Entscheidend für den Markteintritt sind rechtliche Rahmenbedingungen, der lokale Smart-Meter-Ausbau sowie die Verfügbarkeit dynamischer Stromtarife. „Deswegen ist zum Beispiel Deutschland nicht ganz vorne auf unserer Liste, weil die leider mit dem Smart-Meter-Ausbau noch weiter hinten sind“, so Moser.

Die beauftragte Marktstudie identifiziert Spanien, Frankreich oder auch England als attraktive Zielmärkte. Dort will man nun im nächsten Schritt „die Low-hanging fruits ernten“, erklärt Moser im Interview. Eigene Büros im Ausland sind vorerst nicht geplant, das Startup operiert weiterhin vom Grazer Standort aus.

Zwei Säulen im Geschäftsmodell

Hinter energiedigital steht ein eingeschweißtes Gründerteam: Martin Moser und Andreas Zobl arbeiten bereits seit 2005 zusammen, als sie die heutige quadratic GmbH (ursprünglich snowreporter Telekommunikationssysteme GmbH) gründeten.

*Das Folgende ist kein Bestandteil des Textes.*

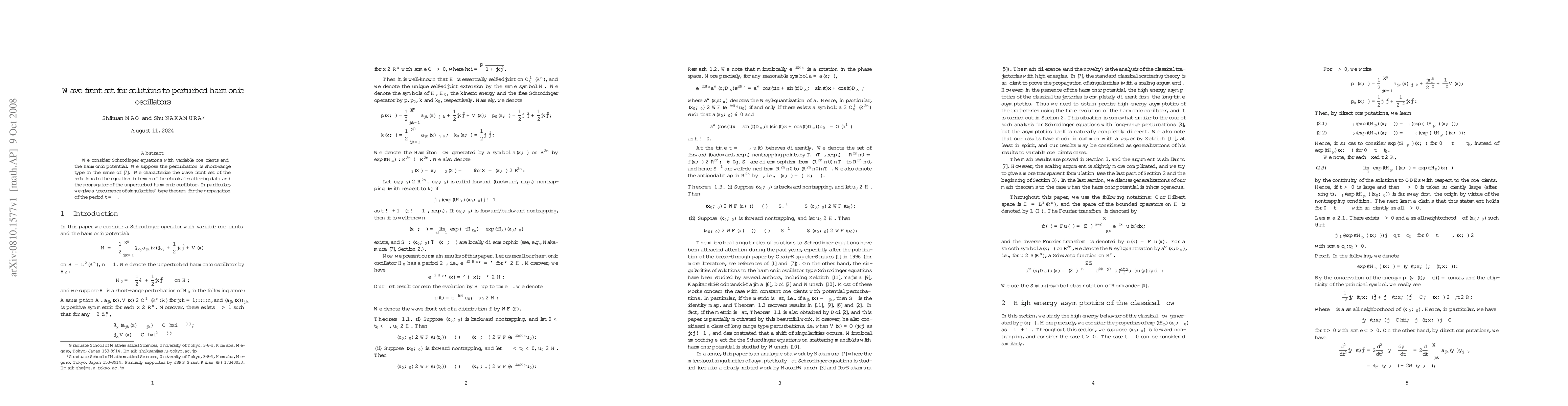 This research paper investigates the wave front set of solutions to perturbed harmonic oscillators, relating it to classical scattering data and the unperturbed oscillator's propagator, with a focus on the recurrence of singularities for propagation at $t=rac{ au}{2}$.

Das anfängliche Kerngeschäft mit Wetterstationen unter anderem auf Skipisten verlagerte sich im Laufe der Jahre zunehmend in den Energiebereich. Aus diesem strategischen Wandel heraus entstand schließlich die Tochtergesellschaft energiedigital.

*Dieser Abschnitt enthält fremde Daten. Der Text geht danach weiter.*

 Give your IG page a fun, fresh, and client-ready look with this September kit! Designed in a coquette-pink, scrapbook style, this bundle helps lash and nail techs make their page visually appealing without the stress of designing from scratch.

Energiedigital finanziert sich über zwei Standbeine: Einerseits bietet das Startup eine Software-Lösung für die Verwaltung und Verrechnung von Energiegemeinschaften an. Dabei werden ein bis zwei Cent pro ausgetauschter Kilowattstunde verrechnet. Andererseits optimiert das Unternehmen Stromlasten bei Endkonsument:innen. Über Kooperationen mit Herstellern, etwa von Warmwasser-Boilern, und ein B2C-Abonnement sorgt das Startup laut eigenen Angaben dafür, dass Hardware dann Energie bezieht, wenn der Strom günstig ist.

Mit dem frischen Kapital im Rücken bereitet sich energiedigital bereits auf das nächste Wachstumskapitel vor: Laut Moser soll spätestens in zwei Jahren eine Series-A-Runde folgen.